Он — рассеянно, глухо:

— Что? Да, помню.

— Мы тогда как раз вернулись из Сан-Винченцо. Поднимались на Стромболи. На самую вершину! — Похоже, это не произвело ни малейшего впечатления.

— Да, помню, — монотонно повторил он. — Этот синоьр Априле... Так ведь зовут вашего хозяина?

— Да, Доменико Априле.

— Правильно. Этот «господин Апрельское воскресенье»... Из-за него я вспомнил то апрельское воскресенье, о котором не хотел вспоминать. Вы помните наш разговор, миссис... э-э... Туриан?

— Конечно.

— Этот человек подавал мне сигналы — если не ошибаюсь, с помощью двух зеркал. Двух. В которых ярко отражалось заходящее солнце.

Она тихонько засмеялась мягким мяукающим смехом:

— Не подавал он никаких сигналов!

— А что же он делал?

— Хи-хи! Он хотел показать нам шрам от раны, которую получил когда-то в схватке с сицилийской мафией. Все искал этот старый шрам, да так и не нашел.

— Good for him[20]. Счастлив, кто ищет старую рану., и не находит. — Он произнес это, запинаясь, и вместе с тем без всякого выражения. — Почему вы решили, что я выдрессировал трех так называемых финикийских собак?

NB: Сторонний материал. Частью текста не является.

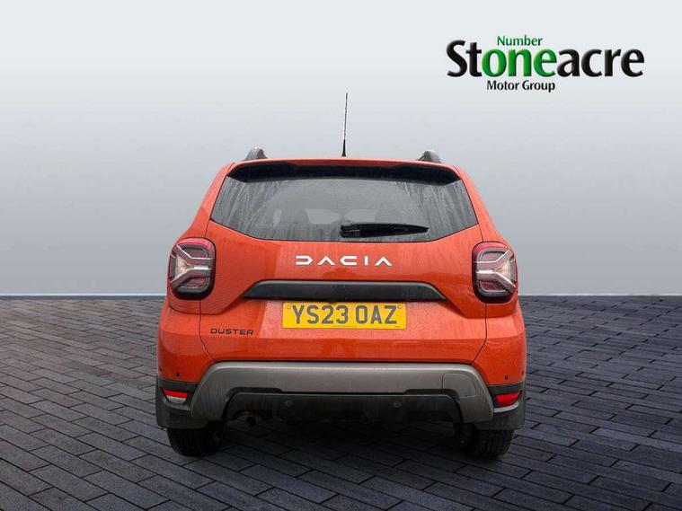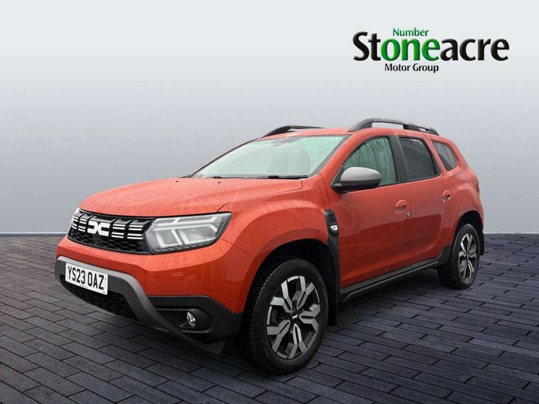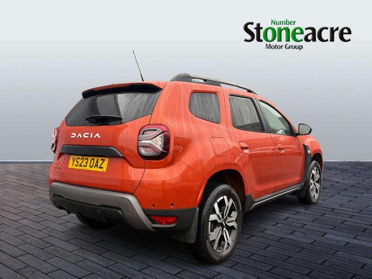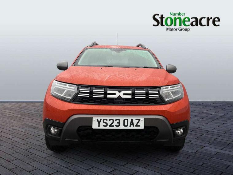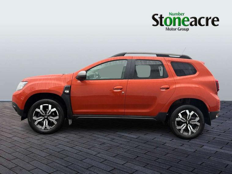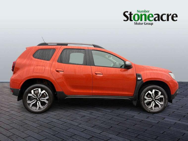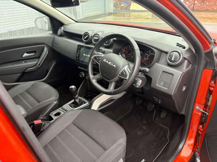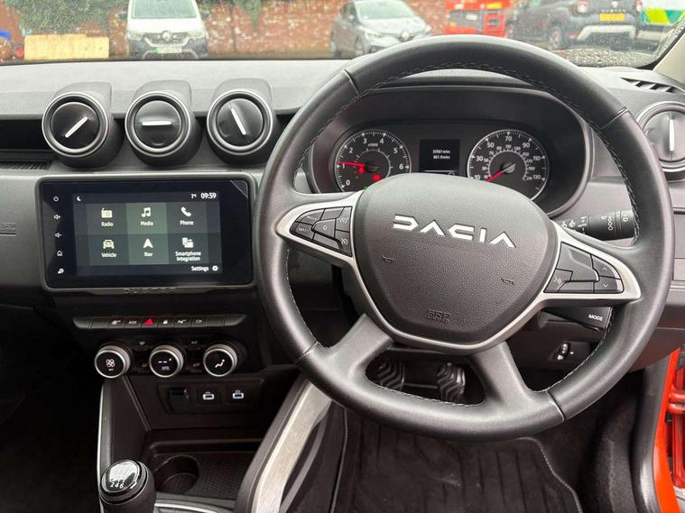 Blind spot warning, Cruise control and speed limiter, eCall emergency system, Eco mode, Electric power assisted steering, Multi view camera, On board computer, odometer, trip computer, average fuel consumption, average speed, service indicator, outside temperature gauge, Rear parking sensors, Rev counter, Reversing camera, Stop/start system, 8" Media Navigation with wireless smartphone replication, Dacia plug and radio/MP3/USB/bluetooth/DAB/steering wheel control, 3 speed windscreen wipers, Acoustic windshield, Automatic front wipers, Black side sills, Black/satin chrome tailgate trim with Duster inscription in black background and lettering, Body coloured door handles, Chrome front grille with hot stamping, Chrome logo surround on steering wheel, Dark glass on lateral rear windows, Daytime running lights, Drivers window one touch up/down, Dusk sensor, Electric adjustable/heated door mirrors, Electric folding door mirrors, Electric front windows, Electric rear windows, Front and rear body coloured bumpers, Front door sill protection strip, Front fog lights, Grey quartz longitudinal roof bars with Duster inscription, Heated rear window, High level third rear brake light, Modular roof bars, Rain sensor, Rear side wing doors, Rear spoiler, Rear wash/wipe, Satin chrome door mirrors, Underbody protection skid plates, Y shaped LED headlights with rear LED lights, 3 rear height adjustable headrests, 3 seat bench in 2nd row, 60/40 split folding rear seat, Automatic air conditioning, Backlighted steering wheel buttons, Boot light, Driver seat lumbar adjustment, Fabric decorative insert on door panels, Fabric upholstery, Front head restraints, Front passenger reading light, Gear shift indicator, Glovebox light, Heated seats, Height adjustable driver seat, Height adjustable front and rear headrests, Height and depth adjustable steering wheel, High centre console with driver armrest, Isofix points for child seats in both outer rear seats, Map pocket on front seat backs, Passenger sunvisor with vanity mirror, Rear passenger reading light, Satin chrome gear lever cap insert, Satin chrome interior door handles, Satin chrome lower steering wheel insert, Single front passenger seat, Soft feel leather steering wheel, 3x3 point rear seatbelts, ABS and Emergency brake assist, ASR traction control with Electronic stability control, Child locks on rear doors, Door open visual and audible warning, Driver airbag, Driver and passenger seatbelt not fastened - visual and audible warning, EBD - Electronic brakeforce distribution, Front passenger airbag, Front passenger airbag deactivation, Front seatbelt pretensioners, Front side airbags, Height adjustable front seatbelts, Hill start assist, Tyre pressure monitor, Keyless entry, Remote central locking, Thatcham approved engine immobiliser, Charcoal grey central console surround, Matt black central console fascia, Matt black decorative insert on rear door panels, Piano black decorative insert on front door panels, Satin chrome air vent surround, Satin chrome instrument dial surrounds, 17" Alloy wheels,
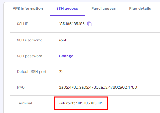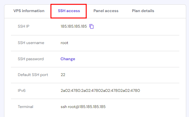 На сторінці “Огляд” перейдіть на вкладку “Доступ до VPS”, щоб знайти дані для підключення до Вашого облікового запису через SSH:

— Почему? Ну... Когда нам на прогулке попадаются эти собаки, они всегда убегают прочь с дороги, поджав хвост, как воришки. И лают вслед, когда проходишь мимо. А уж по ночам... Зато вокруг мистера Кроссмена они весело прыгают и совсем на него не лают.

— Правильно. Они крайне недоверчивы. Всякого, видно, натерпелись. От нас. Я хочу сказать — от нас всех. Вы, наверное, слышали, что иногда этих бездомных псов, или «лунных собак» - так их называет Малапарте, — отстреливают полицейские?

— Нет.

— Я увидел, как трех таких псов вели на казнь, выкупил их по дешевке у карабинеров, немного приручил — вот и все. Потому что я не слишком высокого мнения об экзекуциях. Вот и все. — Он отвернулся почти бесцеремонно, и она почувствовала себя обиженной, точно ей дали от ворот поворот.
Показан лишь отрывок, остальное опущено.